海神
著者:染井為人
東日本大震災で甚大な被害を受けた天ノ島に、NPO法人代表の遠田政吉が姿を現す。彼は当初こそ島の救世主のように振る舞うが、実際には災害を食い物にし、復興支援金を横領するなど、弱者につけ込む卑劣な人物であった。
島民たちもはじめは彼を崇めていたものの、あまりに派手な金の使い方に疑念を抱き始める。ただ、東京から長期休学してボランティアに来ている女子大生・姫乃だけは、終始遠田を信じ、尊敬し続けていた。
染井為人の小説は、いつも冒頭から読者を強く引き込む力がある。しかし本作は震災という重い現実を背景にしているためか、ドキュメンタリーのような質感が漂い、さらに時系列が頻繁に入れ替わる構成が読みにくさを生んでいた。そのうえ、登場人物の誰にも共感しづらく、物語に没入するのが難しかったのも否めない。
極悪非道な遠田はもちろんだが、ヒロインである姫乃にも終始苛立ちが募った。現代の若者は、一度誰かを信じると、まるで神を崇めるかのように“推し”の感情に支配されてしまうことがあるのかもしれない。
後半になって多くの人が遠田を批判しても、姫乃が耳を貸さなかったのは、遠田への心酔だけでなく、「信じ続けた自分」を否定することへの恐れもあったのだろう。
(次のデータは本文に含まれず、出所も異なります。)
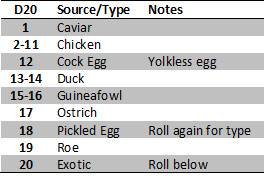 When the emperor sits down at his table, surrounded by the assembled kings, nobles and merchant princes of his domain, his servants do not serve dishes assembled for their succulence, but rather for their expense. In the world of emperors and kings, one entertains to show his guests just where they stand in relation to the throne – i.e. beneath it. Of course, the table setting is part of the overall effect – plates and utensils of porcelain, silver and gold – but the dishes, composed of rare and wondrous ingredients is just as important if not more so. Thus – the patented Nodian Random Haute Cuisine Generator. With a mere handful of dice, you can cover the tables of nobles, kings and emperor’s alike with meals fit for a gourmet (or gourmand).
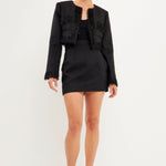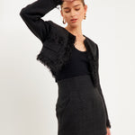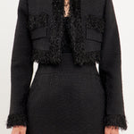 Mediumweight tweed and trim detailing create this cropped jacket. It features front pockets and is fully lined for enjoyable wear.
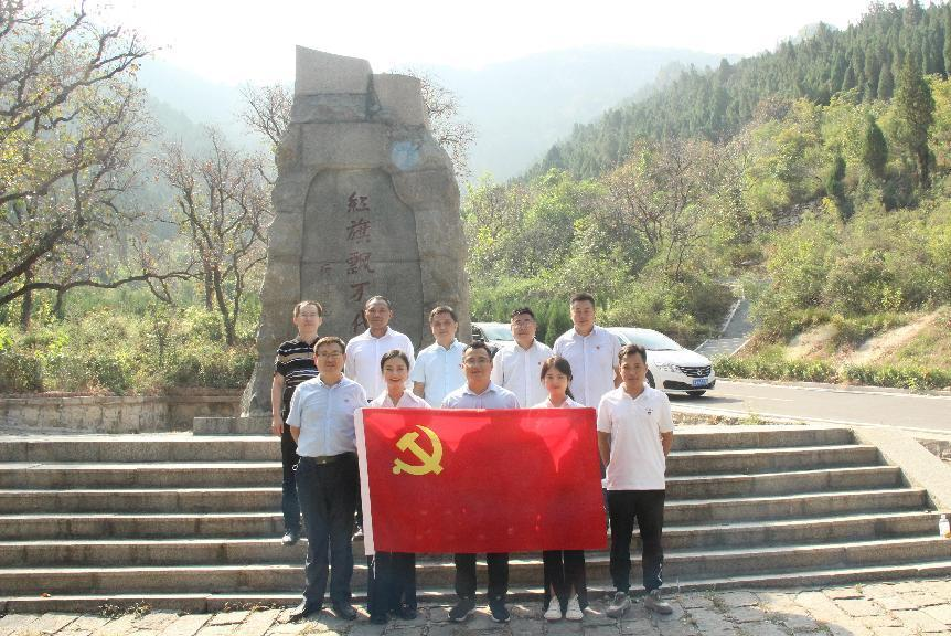 全體黨員干部共同前往云臺山和尚洞,參觀中共萊蕪縣委建立舊址,并在“紅旗飄萬代”紀念碑前合影留念。

そして結局、彼女は遠田に裏切られ、尊厳を踏みにじられ、命まで危険にさらされることになる。身から出た錆と言ってしまうにはあまりに酷だが、他者の意見を受け入れず、一方的な感情だけで人を判断する姿勢には、どうしても賛同しがたいものがある。二年間の休学とボランティアの末、彼女はいったい何を得たのだろうか。
もちろん得難い経験もあっただろう。しかし、周囲にかけた迷惑や失ったものの大きさを思うと、複雑な思いが残る。いずれにせよ、これもまた染井作品らしさなのかもしれないが、読後にどこか苦い余韻が残る作品であったことも否めない。